Rwimi Hydroelectric Power Station, also Rwimi Power Station, is an operational 5.54 MW hydroelectric power station in the Western Region of Uganda.

==Location==
The power station is located on the Rwimi River, along the border between Kasese District and Bunyangabu District. This location lies near the town of Rwimi in Bunyangabu District, approximately 34 km, north of Kasese along the Fort Portal-Kasese-Mpondwe Road.

This location lies approximately 47 km, by road, south of Fort Portal, the largest town in the sub-region. The coordinates of Rwimi Hydroelectric Power Station are:0°23'10.0"N, 30°11'07.0"E (Latitude:0.386111; Longitude:30.185278).

==Overview==
Rwimi Hydropower Station is a mini-hydropower plant, with capacity installation of 5.54 MW. Eco Power (Private) Limited, the single largest power company in Sri Lanka, through its Ugandan subsidiary, Eco Power Uganda Limited was awarded the development rights to the project.

==Construction costs==
The construction costs were budgeted at US$21.1 million (initially US$20.9 million).
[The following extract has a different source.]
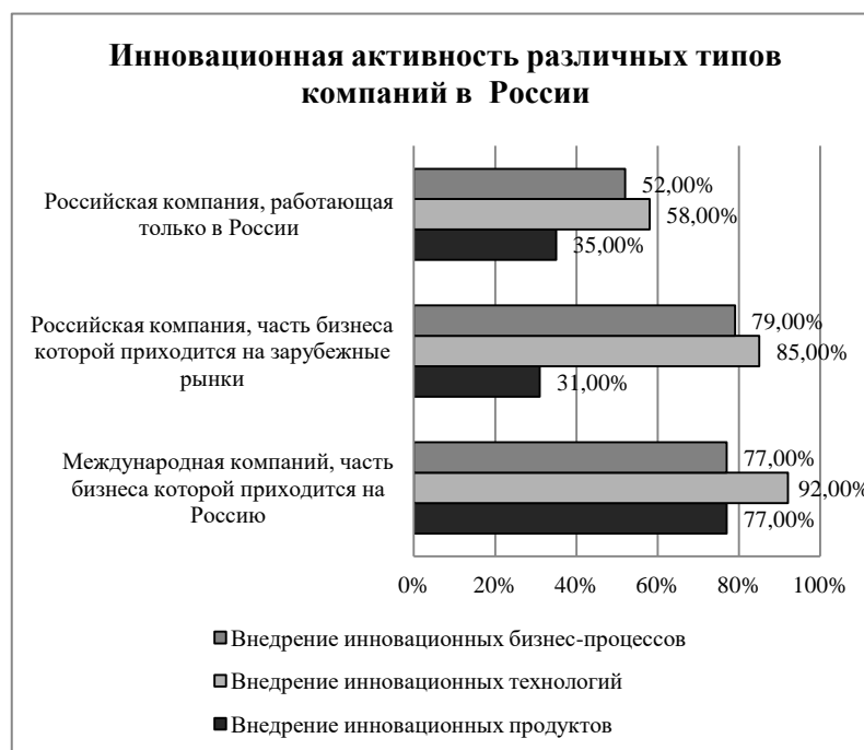
Рисунок 3. 2 – Инновационная активность различных типов компаний в России в 2009 г.

Of that, the Belgian Investment Company for Developing Countries (BIO), is lending US$13 million, Norfund is lending US$4.2 million (NOK:33.4 million), and GETFit Uganda is providing US$3.9 million through KfW.

==Construction timeline==
In October 2014, the Electricity Regulatory Authority (ERA), licensed nine new renewable energy projects. One of those nine, is Rwimi Power Station. Construction was expected to begin in December 2014 and last approximately 24 months. Construction began in July 2015, with a new date of starting commercial operations in the second half of 2017.